*Try it*. Set down, exactly as written, the lines from the top of the data to the line that holds "Download this Woman", and omit the pictures.

*Information provided*.
..........

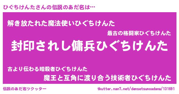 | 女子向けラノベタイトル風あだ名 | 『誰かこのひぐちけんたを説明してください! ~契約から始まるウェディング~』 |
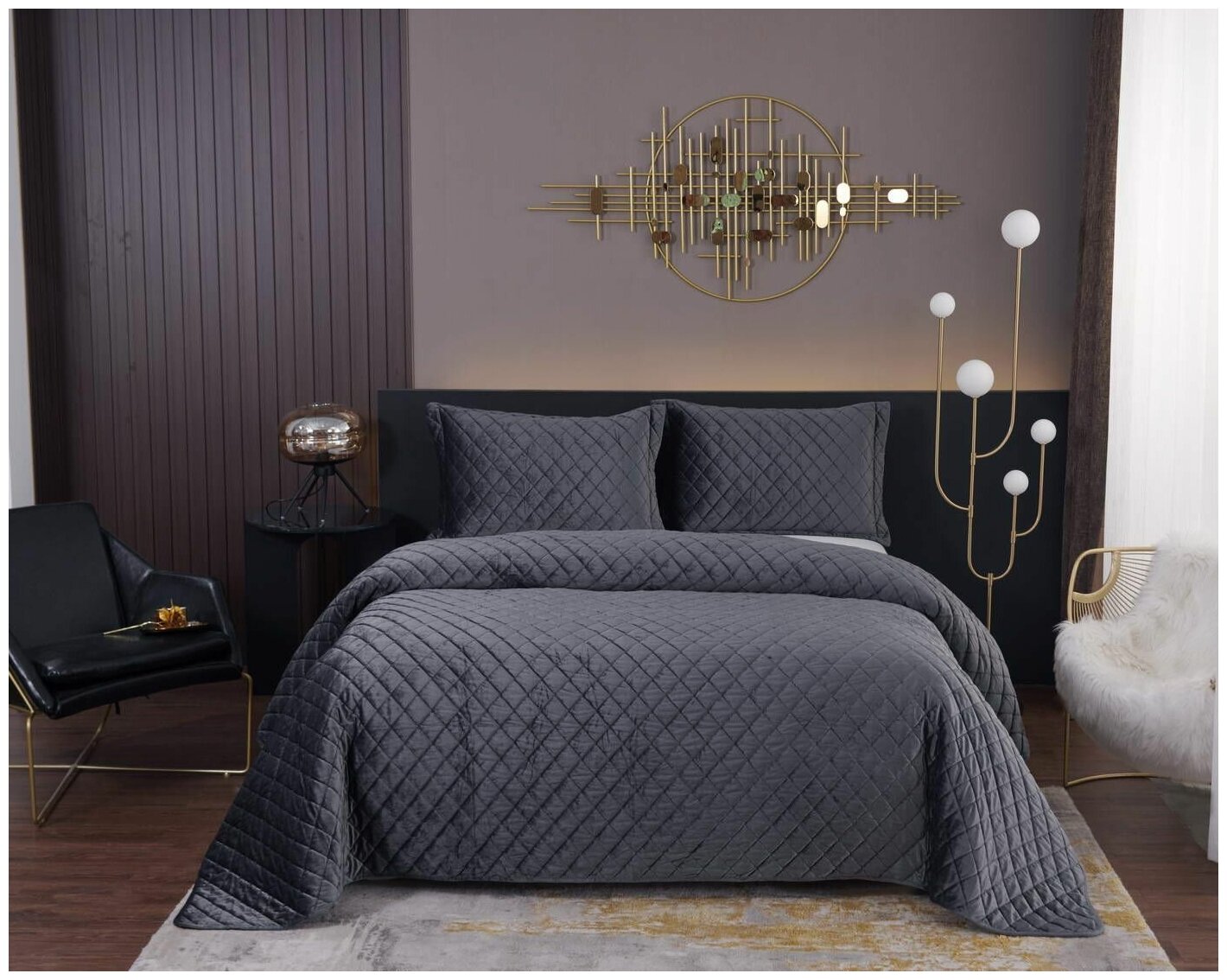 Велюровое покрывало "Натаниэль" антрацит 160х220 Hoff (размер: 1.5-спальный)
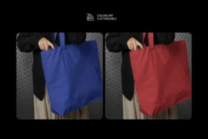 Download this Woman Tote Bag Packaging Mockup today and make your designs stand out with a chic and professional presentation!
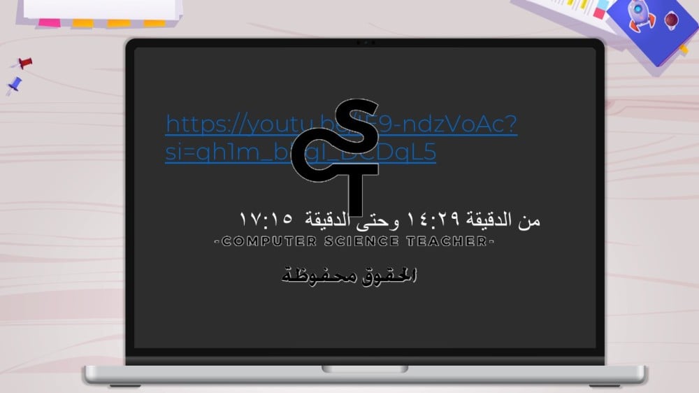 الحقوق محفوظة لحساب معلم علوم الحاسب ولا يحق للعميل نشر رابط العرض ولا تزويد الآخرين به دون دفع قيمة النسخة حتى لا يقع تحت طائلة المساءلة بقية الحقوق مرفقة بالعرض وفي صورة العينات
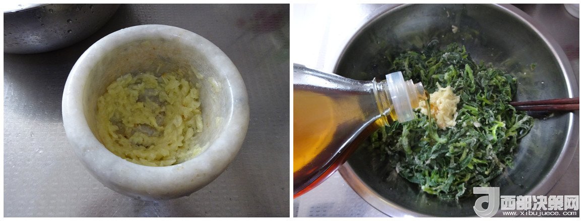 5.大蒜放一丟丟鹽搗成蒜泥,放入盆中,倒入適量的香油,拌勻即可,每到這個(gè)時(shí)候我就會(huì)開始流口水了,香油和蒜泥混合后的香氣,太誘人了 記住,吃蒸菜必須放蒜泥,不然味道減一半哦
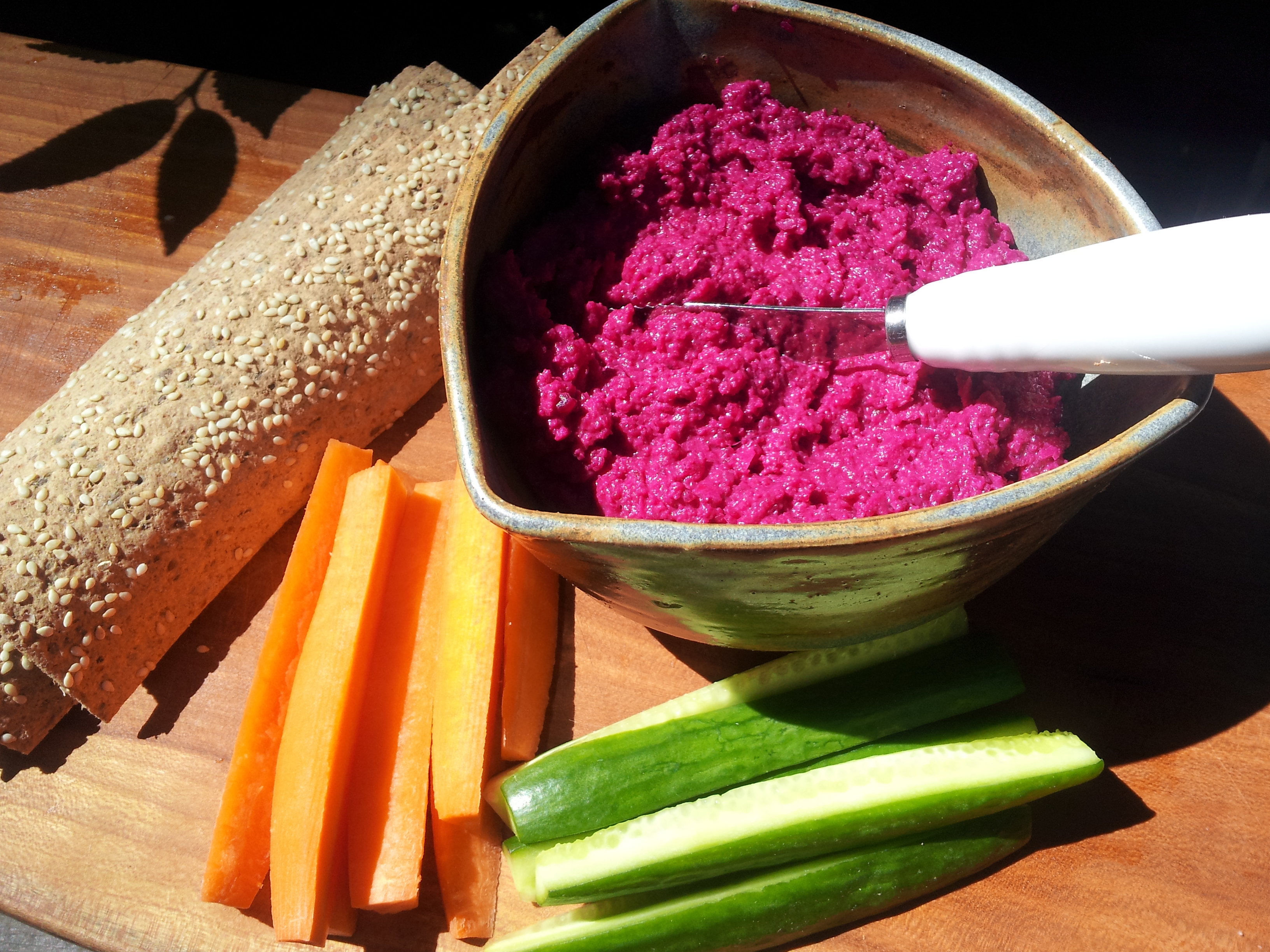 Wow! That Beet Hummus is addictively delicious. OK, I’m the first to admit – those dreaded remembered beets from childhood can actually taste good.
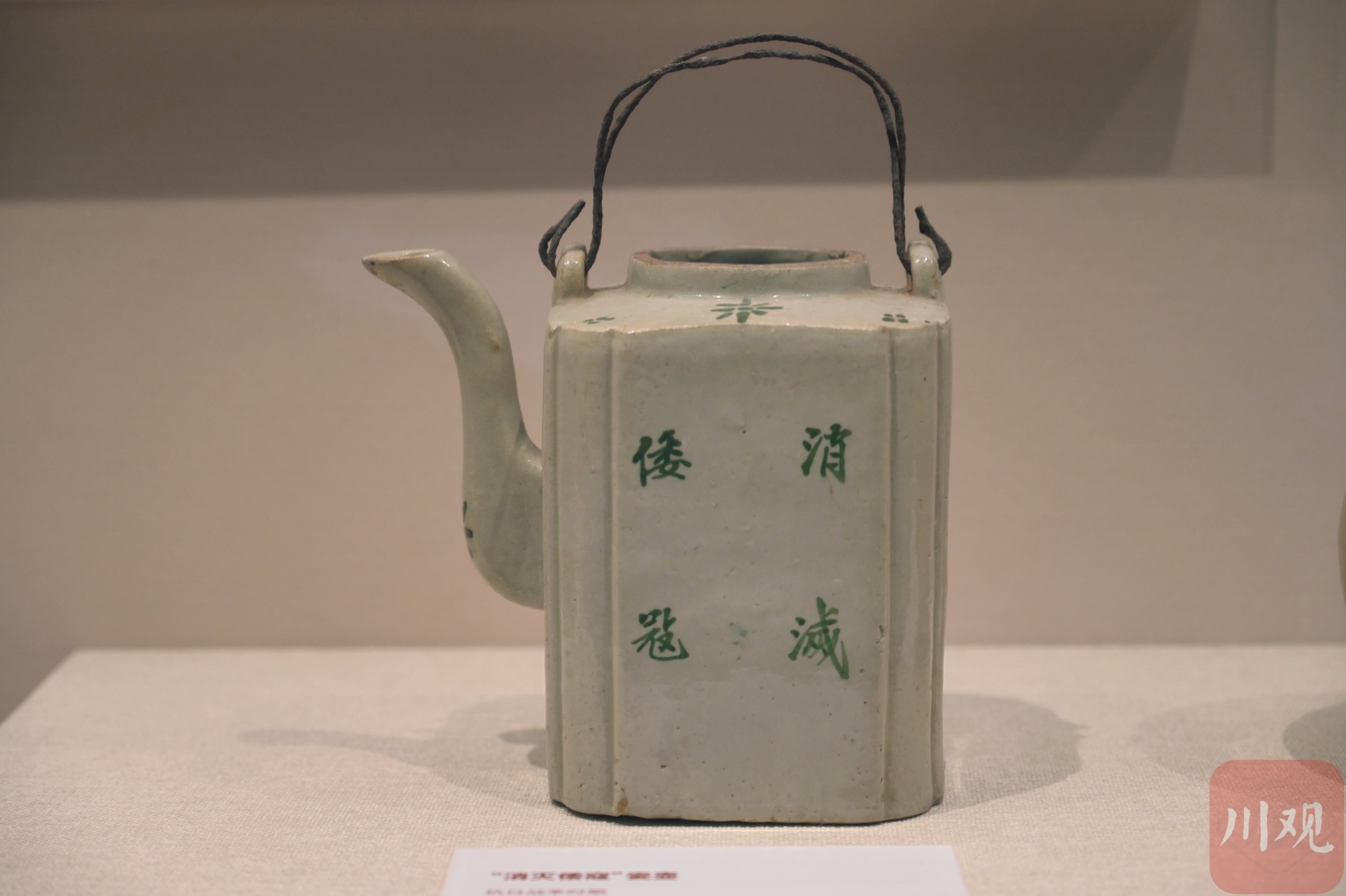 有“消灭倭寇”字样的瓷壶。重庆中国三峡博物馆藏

..........

*Answer space*.
 | 女子向けラノベタイトル風あだ名 | 『誰かこのひぐちけんたを説明してください! ~契約から始まるウェディング~』 |
 Велюровое покрывало "Натаниэль" антрацит 160х220 Hoff (размер: 1.5-спальный)
 Download this Woman Tote Bag Packaging Mockup today and make your designs stand out with a chic and professional presentation!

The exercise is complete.